Heart rate dynamics in a marsupial hibernator

Abstract

The eastern pygmy possum (Cercartetus nanus) is a small marsupial that can express spontaneous short bouts of torpor, as well as multiday bouts of deep hibernation. To examine heart rate (fH) control at various stages of torpor in a marsupial hibernator, and to see whether fH variability differs from that of deep placental hibernators, we used radiotelemetry to measure ECG and body temperature (Tb) while measuring the rate of O2 consumption and ventilation. fH and O2 consumption rate during euthermia were at a minimum (321± 34 beats min-1, 0.705±0.048 ml O2 g-1 h-1) at an ambient temperature (Ta) of 31°C. fH had an inverse linear relationship with Ta to a maximum of 630±19 beats min-1 at a Ta of 20°C. During entry into torpor at a Ta of 20°C, fH slowed primarily as a result of episodic periods of cardiac activity where electrical activity of the heart occurred in groups of 3 or 4 heart beats.

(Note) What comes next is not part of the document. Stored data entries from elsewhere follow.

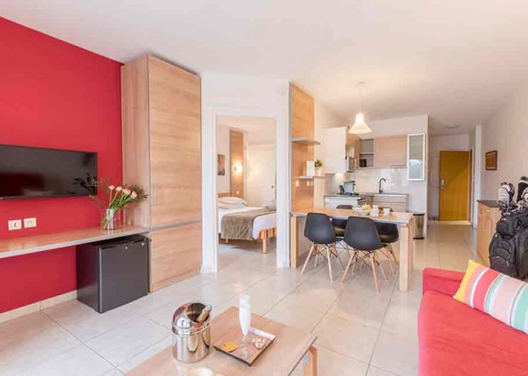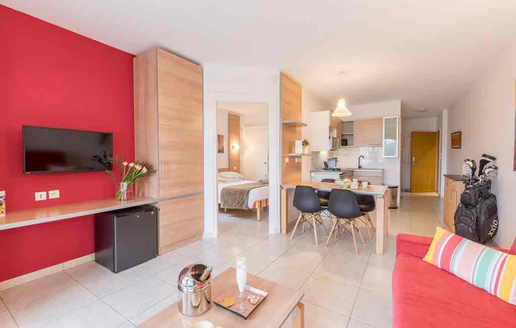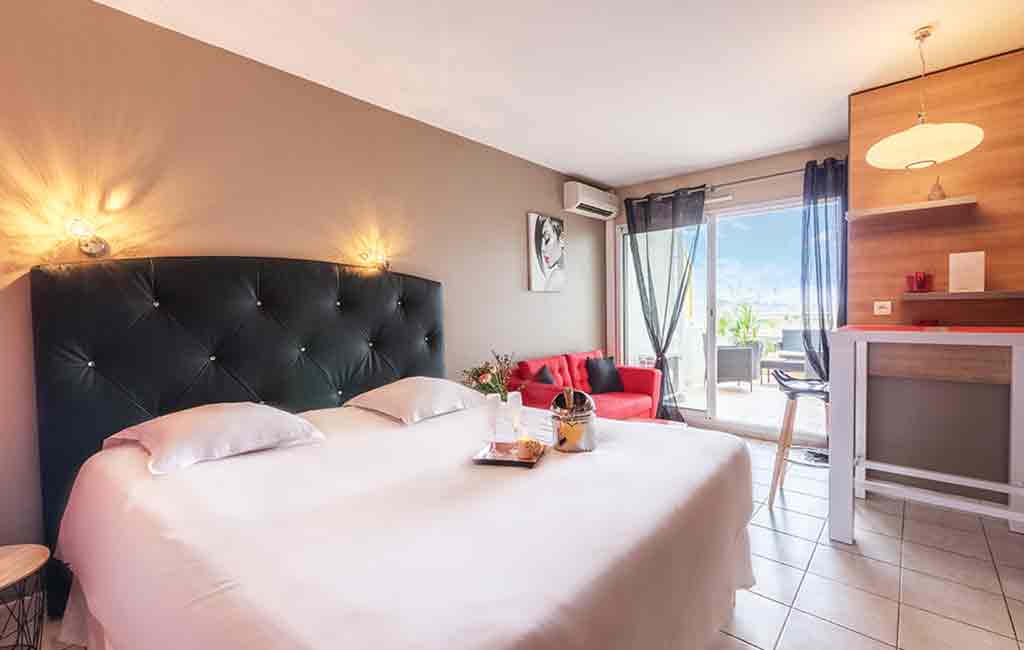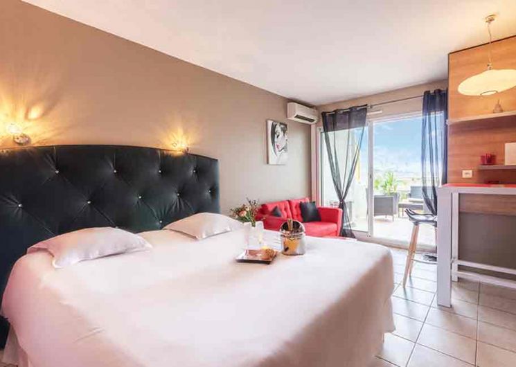 56 luxury apartments from studio to 3-room with terrace or loggia. Reversible air conditioning, satellite TV and fully equipped kitchen.
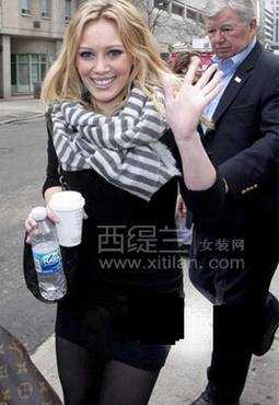 点评:黑色的上衣.下搭配性感的黑色丝袜,最明显的还是黑白条纹的围巾.
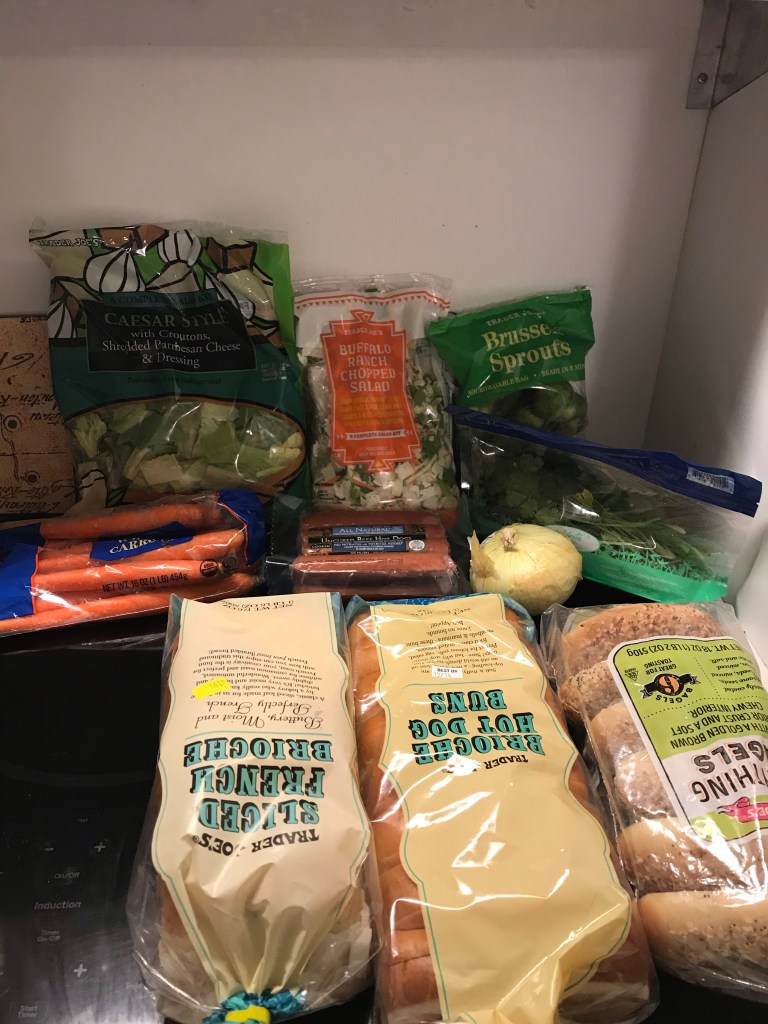 And, then I got a Ceasar salad mix, a buffalo salad mix, brussels sprouts, cilantro, carrots, hot dogs, onion, brioche to keep in freezer for French toast and FT casserole, brioche hot dog buns (fancy!), and the everything bagels that I keep in the freezer. I also got my favorite jasmine rice for the freezer.
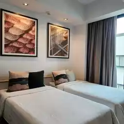 The rooms are simply decorated in minimalist tones, yet warm and clean, perfect for those looking to relax after a day of exploring the city. Amenities include air conditioning, a hot water heater, a TV, and Wi-Fi.
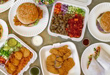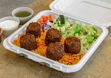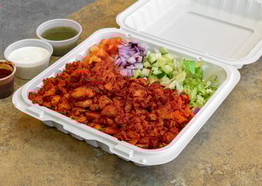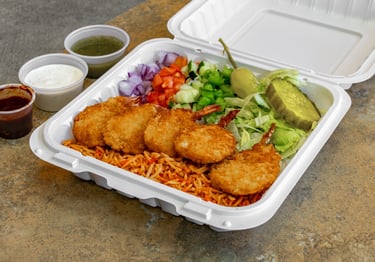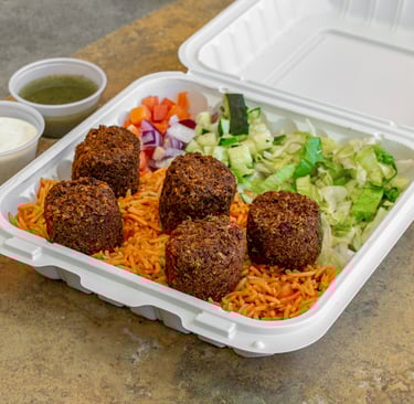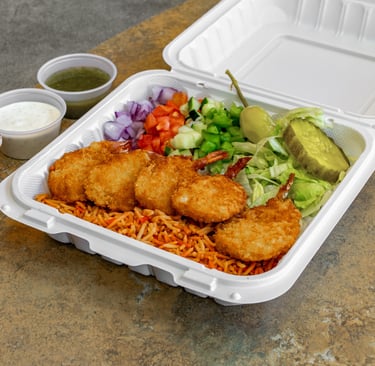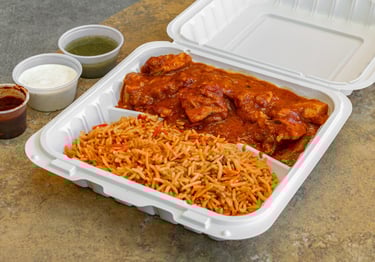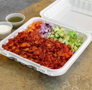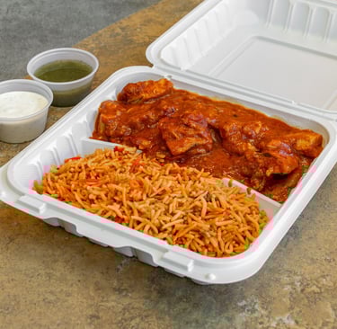 Chicken, lamb, jerk, mix, falafel, butter, fish, shrimp, and tikka, Mac & Cheese, served over rice with white & hot sauce.
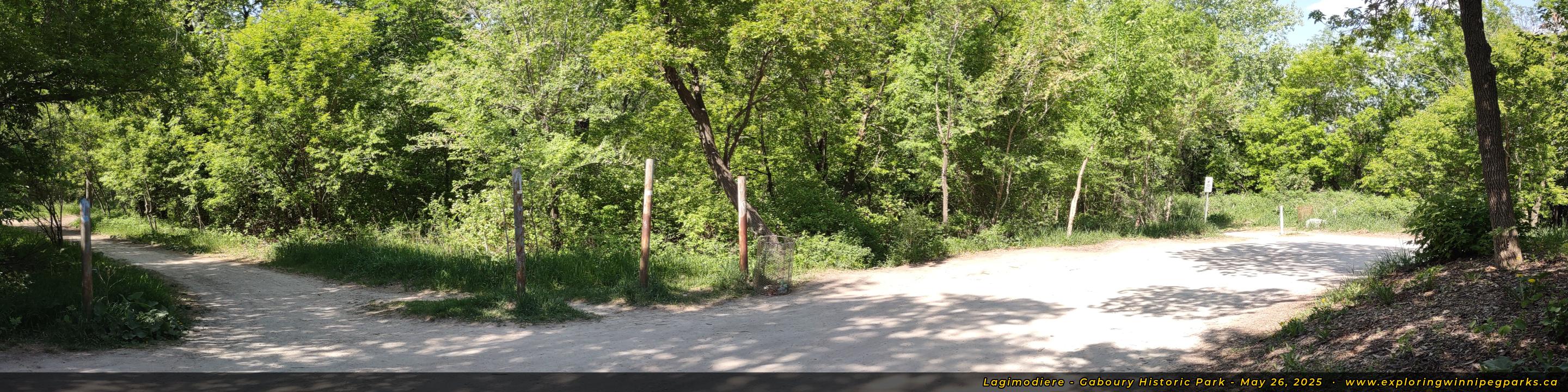 Just east of the parking loop, the pathways leading into the park diverge. The left biking trail leads towards a soccer field, while the right pathway runs along the Seine River.
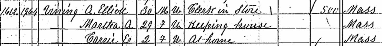 | Carrie E. Vining | 2 | 12 | ? | [living? in separate household] | | |
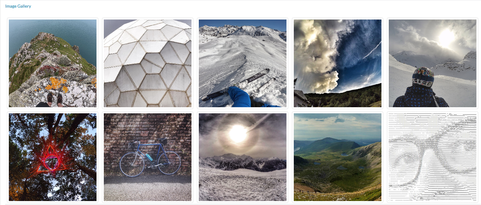 This Widget allows for the display of image type files in a Gallery format. This includes all files within a directory, or all files associated with a parent data object.
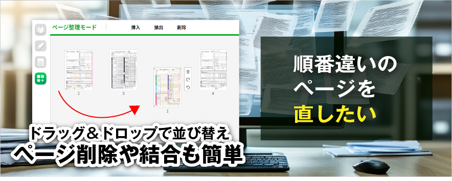 スキャンした教材、順番ぐちゃぐちゃだったんですけど、並び替えや回転がドラッグだけでできるのがすごく便利。印刷前のチェックも楽になりました。(50代 女性)
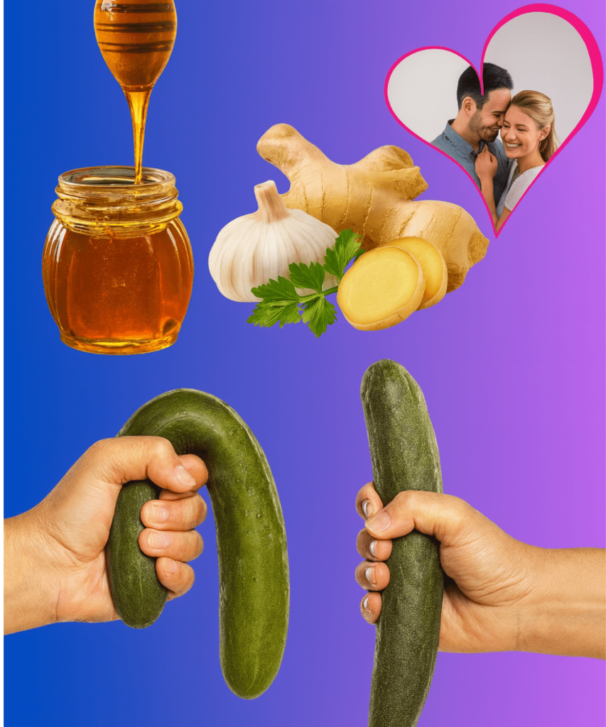 🔥 Want to reignite the spark? Garlic’s circulation benefits, ginger’s testosterone boost, and honey’s stamina-enhancing properties work together to support intimacy and performance. Cucumber keeps your system balanced, ensuring you’re ready for life’s passionate moments.
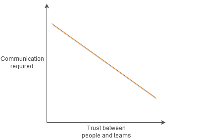 This concept is often expressed as the trust-communication trade off. It goes like this: The more that team members trust each other the less communication is required to achieve something collectively. Ben Horowitz, in his book “The Hard Thing About Hard Things”, writes: “If I trust you completely, then I require no explanation or communication of your actions whatsoever, because I know that whatever you are doing is in my best interests.”
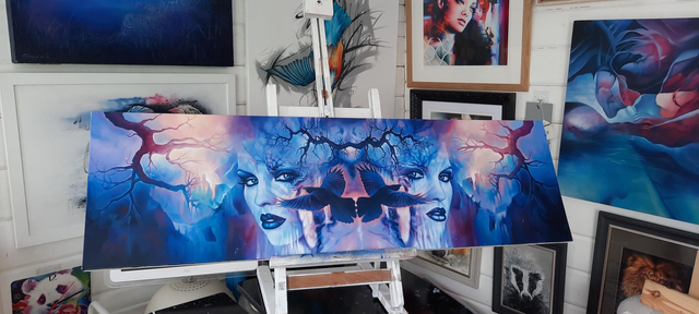 A panoramic greeting card featuring the artwork 'On the wings of the shadows'. It's blank inside and comes with a white envelope and cellophane sleeve.
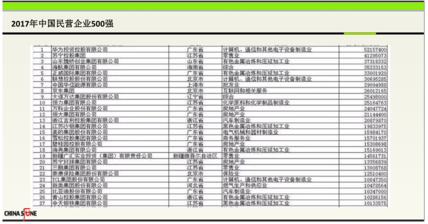 2017年达到千亿级的中国民营企业,只有27家。千亿级企业,基本都处在电子、汽车、燃气、房地产、零售、家电、计算机、保险等行业,离终端消费者、客户近的行业的容易产生大企业;离终端远的,比如化工、有色金属等行业的民营企业很难做到千亿级企业。关键在于处于什么样的行业。
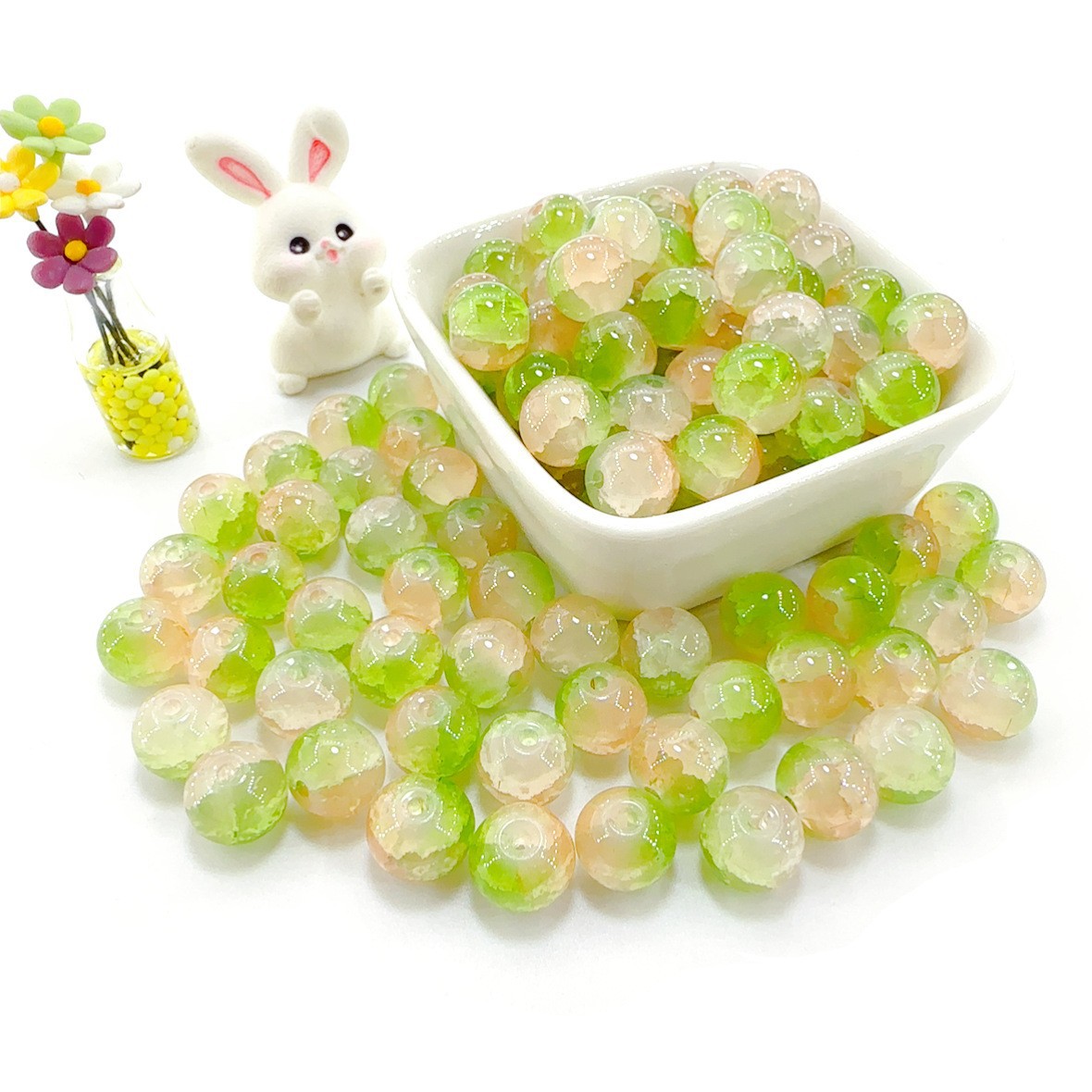 10mm爆花圆珠子散珠散批玻璃琉璃珠手工手链diy材料配件配珠手串
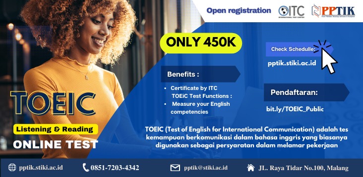 TOEIC (Test of English for International Communication) adalah tes kemampuan berkomunikasi dalam bahasa inggris yang biasanya digunakan sebagai persyaratan dalam melamar kerja.
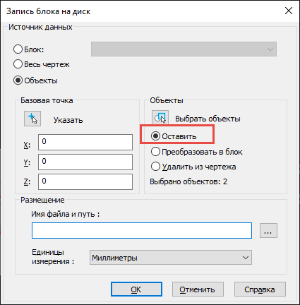Фрагмент ниже формирует набор и “выплевывает” его в файл, используя при этом текущую систему координат . Объекты остаются на месте.
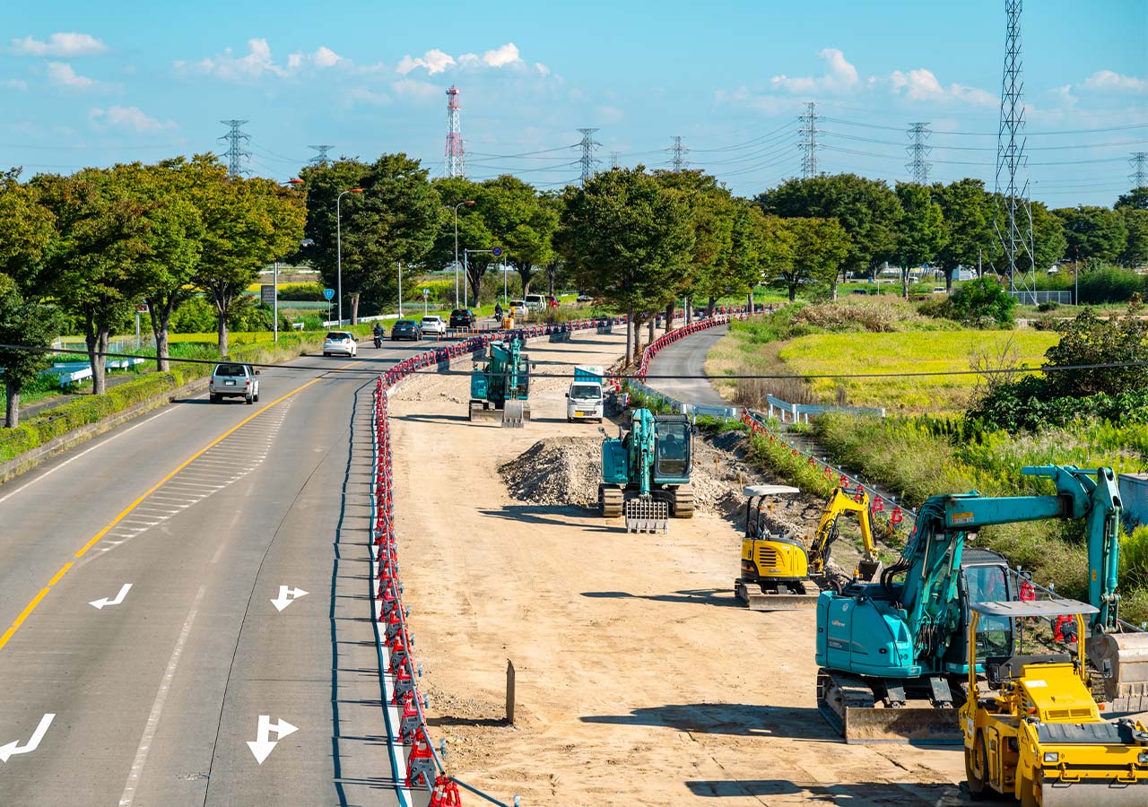 - 道路工事、河川工事、橋梁工事、上下水道工事、区画整理・造成工事

When Tb was stable at 24°C in these torpor bouts, the episodic nature of fH had disappeared (i.e. no asystoles) with a rate of 34±3 beats min-1. For multi-day bouts of deep torpor, Ta was lowered to 6.6±0.8°C. During these deep bouts of torpor, Tb reached a minimum of 8.0±1.0°C, with a minimum fH of 8 beats min-1 and a minimum O2 consumption rate of 0.029±0.07 ml O2 g-1 h-1. Shivering bouts occurred in deep torpor about every 8 min, during which ventilation occurred, and fH was elevated to 40 beats min-1. The duration of the QRS complex increased from 12 ms during euthermia to 69 ms at a Tb of 8°C. These findings demonstrate the dynamic functioning range of fH to be about 600 beats min-1 (∼80-fold), one of the largest known ranges in mammals. Our study shows that despite a separation of ∼160 million years, the control and function of the cardiac system seems indistinguishable in marsupial and placental hibernating mammals.